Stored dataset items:
══════════
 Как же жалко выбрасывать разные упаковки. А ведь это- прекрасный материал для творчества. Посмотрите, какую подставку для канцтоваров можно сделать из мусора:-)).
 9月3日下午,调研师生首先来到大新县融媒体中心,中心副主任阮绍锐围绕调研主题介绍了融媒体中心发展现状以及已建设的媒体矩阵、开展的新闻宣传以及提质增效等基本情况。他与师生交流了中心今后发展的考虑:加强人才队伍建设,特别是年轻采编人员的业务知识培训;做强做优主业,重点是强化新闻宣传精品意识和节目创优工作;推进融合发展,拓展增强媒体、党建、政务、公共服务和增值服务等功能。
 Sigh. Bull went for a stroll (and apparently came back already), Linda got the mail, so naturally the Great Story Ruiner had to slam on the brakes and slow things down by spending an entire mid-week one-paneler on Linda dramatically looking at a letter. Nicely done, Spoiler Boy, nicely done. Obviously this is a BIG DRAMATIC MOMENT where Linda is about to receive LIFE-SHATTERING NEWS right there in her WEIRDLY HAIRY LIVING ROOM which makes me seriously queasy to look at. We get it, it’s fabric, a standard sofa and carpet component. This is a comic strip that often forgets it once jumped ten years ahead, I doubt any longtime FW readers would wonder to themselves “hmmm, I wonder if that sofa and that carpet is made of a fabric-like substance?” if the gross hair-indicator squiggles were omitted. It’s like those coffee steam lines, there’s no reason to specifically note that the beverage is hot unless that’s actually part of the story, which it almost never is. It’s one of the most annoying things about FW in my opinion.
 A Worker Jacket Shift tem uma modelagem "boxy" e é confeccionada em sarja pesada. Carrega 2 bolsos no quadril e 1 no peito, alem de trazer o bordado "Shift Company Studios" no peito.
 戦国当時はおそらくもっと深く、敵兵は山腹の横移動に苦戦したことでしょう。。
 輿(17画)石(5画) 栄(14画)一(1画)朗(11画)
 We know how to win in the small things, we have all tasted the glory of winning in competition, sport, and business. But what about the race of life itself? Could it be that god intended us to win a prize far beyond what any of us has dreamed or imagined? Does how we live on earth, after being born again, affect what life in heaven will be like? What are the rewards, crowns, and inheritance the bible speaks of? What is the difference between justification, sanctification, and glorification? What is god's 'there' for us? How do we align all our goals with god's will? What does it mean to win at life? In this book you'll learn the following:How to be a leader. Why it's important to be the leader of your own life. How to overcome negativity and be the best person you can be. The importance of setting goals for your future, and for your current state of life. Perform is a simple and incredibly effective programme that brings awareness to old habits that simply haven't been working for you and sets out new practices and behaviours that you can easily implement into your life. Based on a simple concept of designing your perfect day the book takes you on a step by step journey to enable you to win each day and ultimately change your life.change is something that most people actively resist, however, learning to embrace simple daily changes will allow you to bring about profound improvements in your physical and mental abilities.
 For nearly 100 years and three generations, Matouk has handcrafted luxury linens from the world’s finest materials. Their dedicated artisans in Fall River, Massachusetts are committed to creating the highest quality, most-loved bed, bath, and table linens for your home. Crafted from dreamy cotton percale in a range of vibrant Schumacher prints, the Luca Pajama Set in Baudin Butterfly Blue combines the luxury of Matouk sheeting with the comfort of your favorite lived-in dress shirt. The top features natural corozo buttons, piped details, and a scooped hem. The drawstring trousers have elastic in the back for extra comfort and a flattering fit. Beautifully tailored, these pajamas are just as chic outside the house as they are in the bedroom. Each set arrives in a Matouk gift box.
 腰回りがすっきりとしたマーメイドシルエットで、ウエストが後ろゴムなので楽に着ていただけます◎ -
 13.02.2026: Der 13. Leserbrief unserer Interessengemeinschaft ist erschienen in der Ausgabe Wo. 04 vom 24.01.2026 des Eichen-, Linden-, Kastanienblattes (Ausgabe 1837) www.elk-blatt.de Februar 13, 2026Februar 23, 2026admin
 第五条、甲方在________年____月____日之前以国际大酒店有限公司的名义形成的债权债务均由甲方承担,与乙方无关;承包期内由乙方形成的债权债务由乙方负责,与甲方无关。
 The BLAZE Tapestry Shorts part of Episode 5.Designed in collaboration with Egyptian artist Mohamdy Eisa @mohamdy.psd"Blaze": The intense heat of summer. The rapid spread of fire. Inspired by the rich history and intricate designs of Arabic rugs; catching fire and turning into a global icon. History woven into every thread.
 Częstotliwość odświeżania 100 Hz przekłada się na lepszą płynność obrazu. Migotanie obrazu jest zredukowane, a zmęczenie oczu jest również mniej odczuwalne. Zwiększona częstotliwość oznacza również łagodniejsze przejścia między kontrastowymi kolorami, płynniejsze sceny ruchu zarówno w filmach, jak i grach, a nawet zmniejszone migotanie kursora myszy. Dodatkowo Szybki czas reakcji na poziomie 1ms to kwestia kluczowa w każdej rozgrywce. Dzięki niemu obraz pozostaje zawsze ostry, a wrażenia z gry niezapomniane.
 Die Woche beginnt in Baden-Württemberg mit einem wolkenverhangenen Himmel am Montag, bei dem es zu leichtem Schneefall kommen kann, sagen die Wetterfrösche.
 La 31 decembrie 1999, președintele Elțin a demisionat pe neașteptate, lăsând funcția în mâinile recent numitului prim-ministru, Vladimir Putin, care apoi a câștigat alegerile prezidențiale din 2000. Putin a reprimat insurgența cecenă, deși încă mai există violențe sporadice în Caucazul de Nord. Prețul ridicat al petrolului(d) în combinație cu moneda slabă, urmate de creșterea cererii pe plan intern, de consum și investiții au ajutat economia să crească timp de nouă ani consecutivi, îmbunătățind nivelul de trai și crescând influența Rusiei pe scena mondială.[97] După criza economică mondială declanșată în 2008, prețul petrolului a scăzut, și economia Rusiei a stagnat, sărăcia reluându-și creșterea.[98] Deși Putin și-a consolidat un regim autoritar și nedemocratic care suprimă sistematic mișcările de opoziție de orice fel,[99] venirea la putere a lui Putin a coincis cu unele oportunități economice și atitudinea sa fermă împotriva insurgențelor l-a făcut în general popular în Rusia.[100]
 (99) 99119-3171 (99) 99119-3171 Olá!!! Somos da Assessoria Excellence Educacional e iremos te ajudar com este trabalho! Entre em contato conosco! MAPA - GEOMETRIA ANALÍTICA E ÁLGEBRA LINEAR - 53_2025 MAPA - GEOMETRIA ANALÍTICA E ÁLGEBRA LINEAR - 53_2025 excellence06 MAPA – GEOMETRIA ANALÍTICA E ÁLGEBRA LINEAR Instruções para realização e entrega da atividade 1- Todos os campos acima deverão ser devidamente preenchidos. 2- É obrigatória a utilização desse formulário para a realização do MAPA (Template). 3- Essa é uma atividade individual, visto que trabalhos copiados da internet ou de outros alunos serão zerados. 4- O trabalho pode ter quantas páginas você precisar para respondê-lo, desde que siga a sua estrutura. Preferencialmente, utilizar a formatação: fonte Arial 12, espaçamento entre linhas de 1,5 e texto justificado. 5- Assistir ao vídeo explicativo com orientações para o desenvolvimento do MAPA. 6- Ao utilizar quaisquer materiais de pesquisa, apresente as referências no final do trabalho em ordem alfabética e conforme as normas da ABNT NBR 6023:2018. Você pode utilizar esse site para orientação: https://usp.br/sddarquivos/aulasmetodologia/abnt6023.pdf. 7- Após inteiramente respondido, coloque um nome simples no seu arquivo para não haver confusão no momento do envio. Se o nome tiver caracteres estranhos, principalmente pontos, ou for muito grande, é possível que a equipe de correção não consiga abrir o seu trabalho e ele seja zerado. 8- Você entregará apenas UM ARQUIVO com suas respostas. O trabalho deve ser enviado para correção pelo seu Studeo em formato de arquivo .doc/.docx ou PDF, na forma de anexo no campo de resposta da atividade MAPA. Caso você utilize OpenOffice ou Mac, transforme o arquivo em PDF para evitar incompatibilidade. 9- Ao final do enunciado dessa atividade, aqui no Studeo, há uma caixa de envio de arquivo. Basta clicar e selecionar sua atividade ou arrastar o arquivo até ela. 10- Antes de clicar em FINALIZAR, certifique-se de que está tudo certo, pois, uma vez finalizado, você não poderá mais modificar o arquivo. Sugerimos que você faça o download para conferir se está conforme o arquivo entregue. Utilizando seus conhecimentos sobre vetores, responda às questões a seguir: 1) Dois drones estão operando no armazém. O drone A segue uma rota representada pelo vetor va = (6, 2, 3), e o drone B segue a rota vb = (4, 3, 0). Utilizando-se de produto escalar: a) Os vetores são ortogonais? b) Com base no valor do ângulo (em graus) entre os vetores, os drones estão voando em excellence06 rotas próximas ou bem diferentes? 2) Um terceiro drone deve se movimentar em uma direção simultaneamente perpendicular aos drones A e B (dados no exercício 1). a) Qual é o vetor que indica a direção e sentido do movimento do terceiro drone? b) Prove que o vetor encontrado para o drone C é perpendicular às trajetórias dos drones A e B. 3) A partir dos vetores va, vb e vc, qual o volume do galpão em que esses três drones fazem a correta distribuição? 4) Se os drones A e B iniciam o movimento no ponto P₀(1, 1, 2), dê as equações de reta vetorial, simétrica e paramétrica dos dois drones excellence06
══════════
** EXERCISE BRIEF **
Only one stretch is wanted, so please give again exactly the lines from the start of the data through the line containing "9月3日下午,调研师生首先来", both ends included.

** SOLUTION TO THIS PROBLEM **
 Как же жалко выбрасывать разные упаковки. А ведь это- прекрасный материал для творчества. Посмотрите, какую подставку для канцтоваров можно сделать из мусора:-)).
 9月3日下午,调研师生首先来到大新县融媒体中心,中心副主任阮绍锐围绕调研主题介绍了融媒体中心发展现状以及已建设的媒体矩阵、开展的新闻宣传以及提质增效等基本情况。他与师生交流了中心今后发展的考虑:加强人才队伍建设,特别是年轻采编人员的业务知识培训;做强做优主业,重点是强化新闻宣传精品意识和节目创优工作;推进融合发展,拓展增强媒体、党建、政务、公共服务和增值服务等功能。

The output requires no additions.